True to its initial plan, Biofutures places special emphasis on companies with a potential share in the biofuels market. Though this market isn’t especially profitable, Biofutures’ current strategy is to maintain several plants around the world such as oil manufacturers with the capacity to produce biofuels easily, should the technology ever become economically viable once again.

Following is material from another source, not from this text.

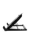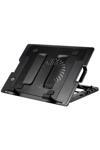 Fan Hızı : 700 ~ 1400 RPM; Fan Gürültü Seviyesi : 15 dBA (Min.); Uygunluk : 9" ~ 17" Notebook; Renk : Siyah; Boyutlar : 370x 58~160 x 265 mm; Yükseklik ayarı 5 kademe; 2 adet USB girişi;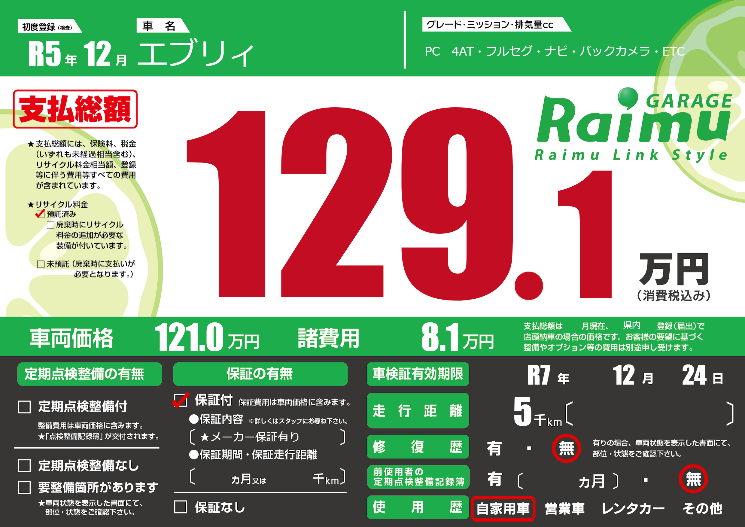 | 走行キロ | 0.5万km | 初年度登録 | R5年12月 |

For instance, the manufacturing plant in Zurex was paired with a refining plant in 2010 which produces refined palm oil for use in a variety of markets, including personal care products and food production. The refined oil which was once used as biodiesel can be used many other ways. Biofutures is a flexible investment company able to move with capricious market winds, and while the winds are currently blowing against it, the company maintains its viability.

Biofutures’ price on the AIM is especially low in light of the recent high price of palm oil. However, because the company is solid, flexible and capable of handling most problems, it offers a good investment opportunity for savvy investors. Should the price of palm oil go up due to increased demand for biofuels, for instance, Biofutures is expected to rise tremendously and be an excellent investment. Only time will tell how the company’s fortunes play out.